CAMBODIA’s government is considering the implementation of strict lese majeste laws such as exist in neighbouring Thailand, which would criminalise perceived criticism of the Southeast Asian nation’s monarchy.
The Kingdom’s Interior Minister Sar Kheng held a discussion on the issue on Wednesday and how to better “protect” its royal family by altering parts of the criminal code, reported the Phnom Penh Post.
“Some other countries already have such a law, like Thailand, Japan and the Netherlands. We are also a monarchy, but there is no article for that,” said an Interior Ministry spokesman.
The announcement comes amid a crackdown by Hun Sen’s government against political opposition, the media and the NGO sector. Last month, the government successfully dissolved the major opposition force, the Cambodian National Rescue Party (CNRP).

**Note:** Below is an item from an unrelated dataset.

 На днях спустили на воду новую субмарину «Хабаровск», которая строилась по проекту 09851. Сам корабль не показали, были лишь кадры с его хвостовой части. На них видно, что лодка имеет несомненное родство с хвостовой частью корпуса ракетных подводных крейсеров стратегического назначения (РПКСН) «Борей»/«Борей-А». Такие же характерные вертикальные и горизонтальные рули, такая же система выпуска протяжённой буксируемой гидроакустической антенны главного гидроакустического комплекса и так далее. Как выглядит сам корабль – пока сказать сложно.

It had previously shuttered the US-funded NGO the National Democratic Institute and forced closure of the Cambodia Daily newspaper. The Bangkok Post reported on Monday that the Cambodian Information Ministry had shut down a further 330 print media outlets.
In Thailand, lese majeste carries a minimum penalty of three to 15 years imprisonment. The draconian laws have been widely criticised as a means to suppress dissent – particularly because their application has risen significantly since the Thai military seized power in a coup in 2014.

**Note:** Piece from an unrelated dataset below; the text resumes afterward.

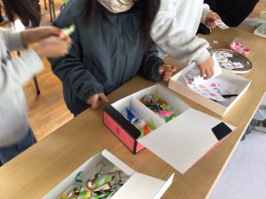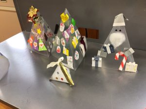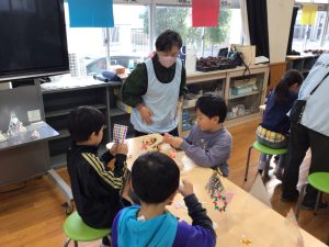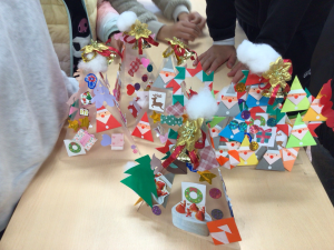 12月11日(木)、日野っ子メイツでクリスマスツリーを作りました。クリアファイルで作った三角錐に、子どもたちは目を輝かせながら飾り付けを始めました。「この面はおうちの中にしよう」「ここはお庭にしよう」と物語を膨らませながら飾る子、色とりどりのサンタクロースを並べて「もっとにぎやかにしたい!」と工夫する子…。笑顔と歓声があふれ、会場はまるで小さなクリスマス工房のようでした。

In June, for example, one man was sentenced to 35 years in prison for posting photos and videos of the royal family on Facebook.
“In the case of Cambodia, where the Prime Minister is symbolically endorsed by the king, then a broad reading of lese majeste could mean that courts could go after anyone critical of Hun Sen and lock them up for several years because of purported violations of a lese majeste code,” Paul Chambers, an international relations lecturer at Naresuan University in Thailand told the Phnom Penh Post.
The country’s ex-Deputy Prime Minister Lu Lay Sreng already faces a lawsuit, filed by Hun Sen in October, for insulting King Norodom Sihamoni as a “castrated chicken” for not getting involved in Cambodia’s political situation during a secretly recorded phone conversation.
“If a Thailand-type lese majeste law does become part of Cambodia’s legal code, then we can expect that regime opponents such as Sam Rainsy, Kem Sokha, Mu Sochua and even foreign opponents of Hun Sen would be either tried or tried in absentia under this law as a means of silencing dissent,” Chambers added.